2-: From the column Ebenezer, by Peter Smark (1936-2000), published in The Age (Melbourne, Victoria, Australia) of Wednesday 11th June 1975:

There are many reasons to be so proud [to be Australian]. Look at the cricket in England, for instance.
There was poor little Jeff Thomson, innocent, inoffensive wee mite, having a trace of trouble with his run-up.
Those rude, rough Poms actually heckled him. No, truly they did. They called out spiteful words—“Chewy On Your Boot” or similar. Well I mean. Naturally Jeffie raised his hand to brush away the tears, so hurt was he.
And now those dreadful English papers have gone and accused him of making a rude gesture.

3-: From Hawke’s two speeches draw total of 600, published in The Sydney Morning Herald (Sydney, New South Wales, Australia) of Saturday 8th November 1975:

Mr Hawke 2 said […] after the 1974 election Labor had settled down to the business of government, but the Opposition had been trying to find an issue to pervert the will of the people.
“Then they found this man Khemlani 3,” he said.
[…]
Mr Hawke puzzled the crowd when he described their reaction to the Khemlani disclosure as, “You were wrong, chewy on your boot.”
He did not seem to realise he had used an Australian Rules cat-call.

2 Bob Hawke (1929-2019) was the National President of the Australian Labor Party from 1973 to 1978.
3 In 1975, the government of Australia, led by Gough Whitlam (1916-2014), of the Australian Labor Party, was accused of attempting to borrow money from the Middle East by the agency of the Pakistani banker Tirath Khemlani (1920-1991) and thus bypass the standard procedures of the Australian Treasury and violate the Australian Constitution.

4-: From the following letter to the Editor, published in The Canberra Times (Canberra, Australian Capital Territory, Australia) of Wednesday 14th June 1978:

Wanniassa High School

Sir,—As a student who will be badly affected by the non-opening of Wanniassa High School, I feel it my right to say something.
We have been told that Kambah High is not full to capacity so we must go there. […]
[…]
I live next to an empty high school, and will have to catch a bus to another suburb.
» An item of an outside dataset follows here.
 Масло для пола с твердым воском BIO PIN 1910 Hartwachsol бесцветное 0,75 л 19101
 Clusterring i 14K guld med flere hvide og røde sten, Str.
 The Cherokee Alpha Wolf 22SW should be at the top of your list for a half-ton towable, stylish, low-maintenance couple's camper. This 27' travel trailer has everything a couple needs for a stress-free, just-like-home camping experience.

I’ll bet the ACT Schools Authority won’t give us free bus travel. Then I will be made to take the left-overs from subjects offered.
Then, sometime later, we will be uprooted from Kambah and finally returned to the Wanniassa High, where I should have been in the first place! “Chewy on your boot” to the ACT Schools Authority.
(Miss) R. BEAVAN
Wanniassa.

5-: From an interview of Charlie Callender, Property Steward of the Richmond Football Club, an Australian Rules football club based in Melbourne—interview by Gerry Carman, published in The Age (Melbourne, Victoria, Australia) of Saturday 25th September 1982:

With the panache of a “chewy on your boot” stylist, he recalls part of the club’s history which would irk any loyal Magpie 4. “Collingwood cleared Dan Minogue to us in 1920 and he led Richmond to a premiership in 1920-21,” Charlie says proudly.
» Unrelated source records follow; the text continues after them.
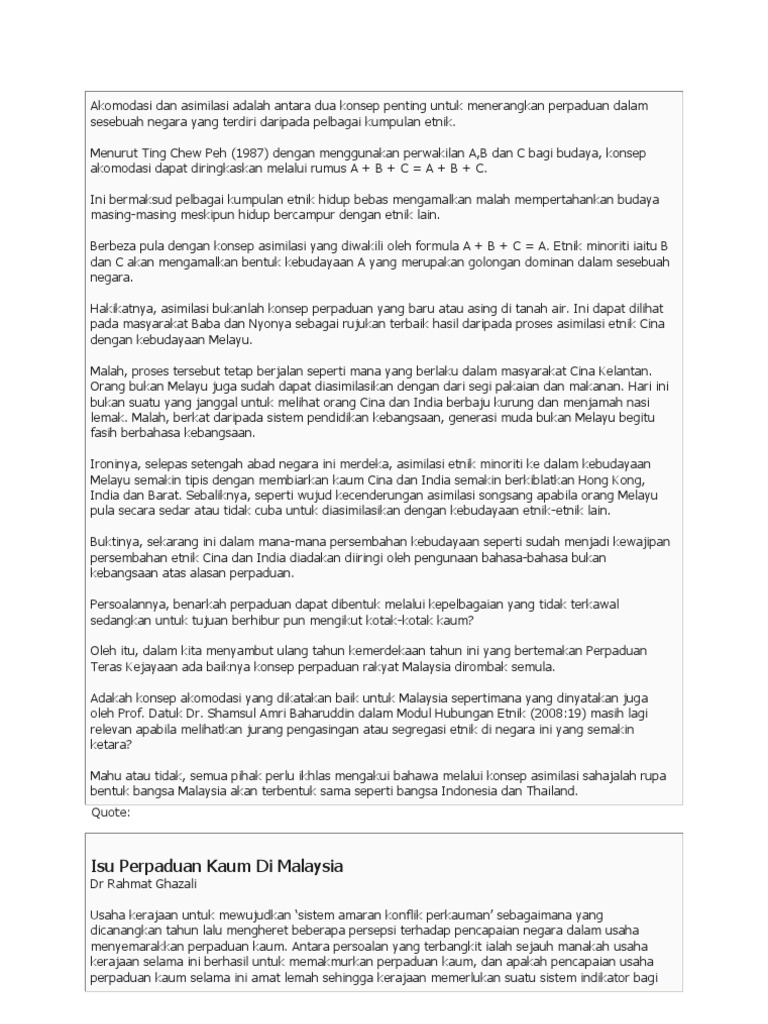 Menjelaskan klasifikasi identiti etnik berdasarkan takrifan autoriti dan harian. Kesepaduan dalam kepelbagaian 1.0 pengenalan dalam bab ini, hubungan etnik akan memberi tumpuan kepada badan in digelar jawatankuasa hubungan antara kaum yang diketuai oleh malcolm mac donald dan dianggotai oleh ketua etnik melayu, cina dan india. Kajian mendapati identiti etnik cina peranakan kelantan dan punjabi sikh jauh berbeza daripada stereotaip yang dikaitkan dengan kecinaan dan keindiaan hanapi dollah. Kesimpulan komposisi etnik di malaysia sejarah awal penduduk tanah melayu mempunyai pertalian rapat dengan penduduk asal negara ini iaitu orang asli yang dikenali sebagai melayu proto. Kumpulan etnik yang paling besar di malaysia ialah melayu, cina dan india.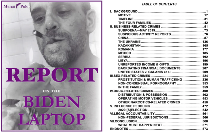 This is a 630-page Report on the Biden Laptop that thoroughly documents 459 crimes committed by the Bidens & their associates.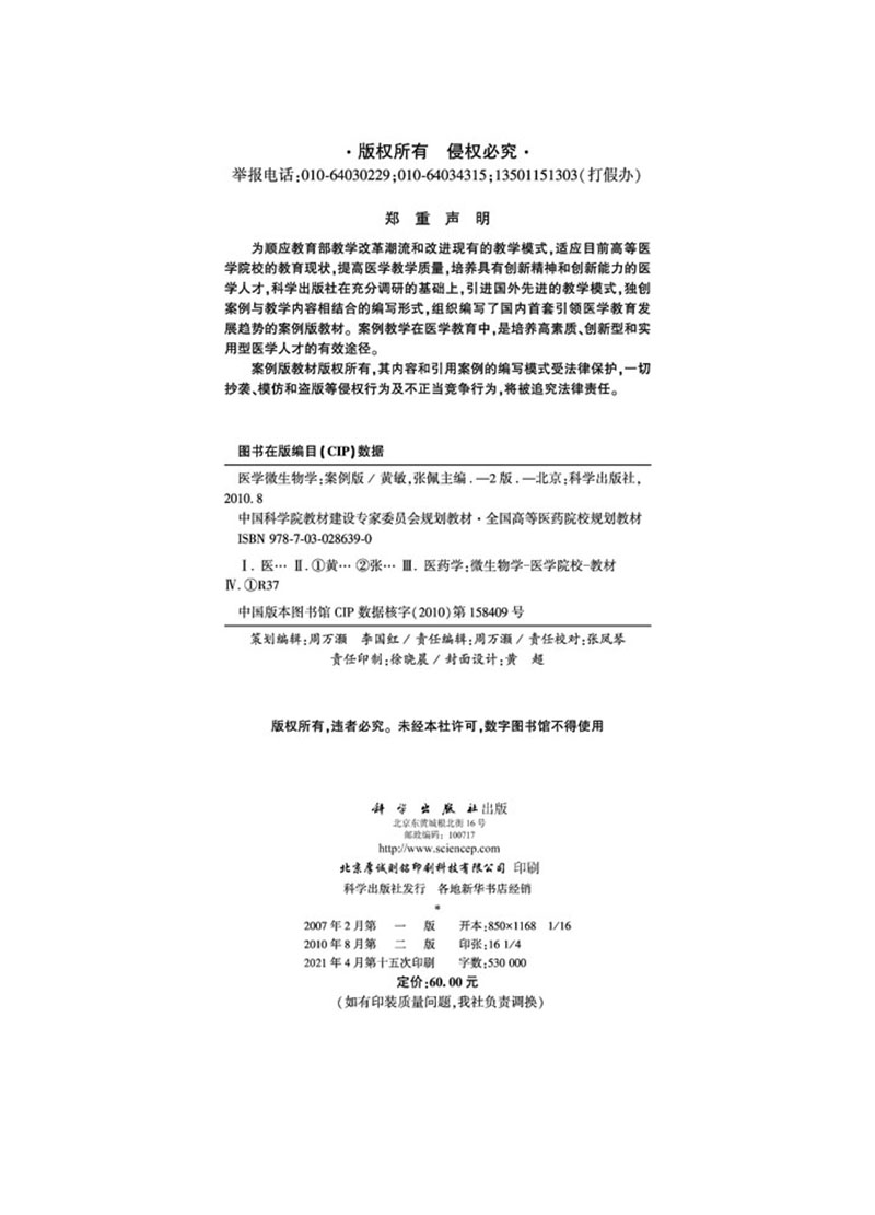 系列教材黄敏张佩主编科学出版 普通高等教育案例版 社9787030286390 第2版 现货医学微生物学案例版

4 This refers to the Collingwood Football Club, nicknamed the Magpies, an Australian Rules football club based in Melbourne.

6-: From Fans are entitled to their cheering, by Mungo MacCallum, published in The Sun-Herald (Sydney, New South Wales, Australia) of Sunday 12th October 1986:

Partisan audiences have always been part of sport. Ask the American Davis Cup team about the Australian fans who cheered wildly every time the Americans hit a ball into the net or the Rugby League goalkickers who put up with the screams of “lolly legs” and “chewy on your boot” whenever they line up a penalty attempt.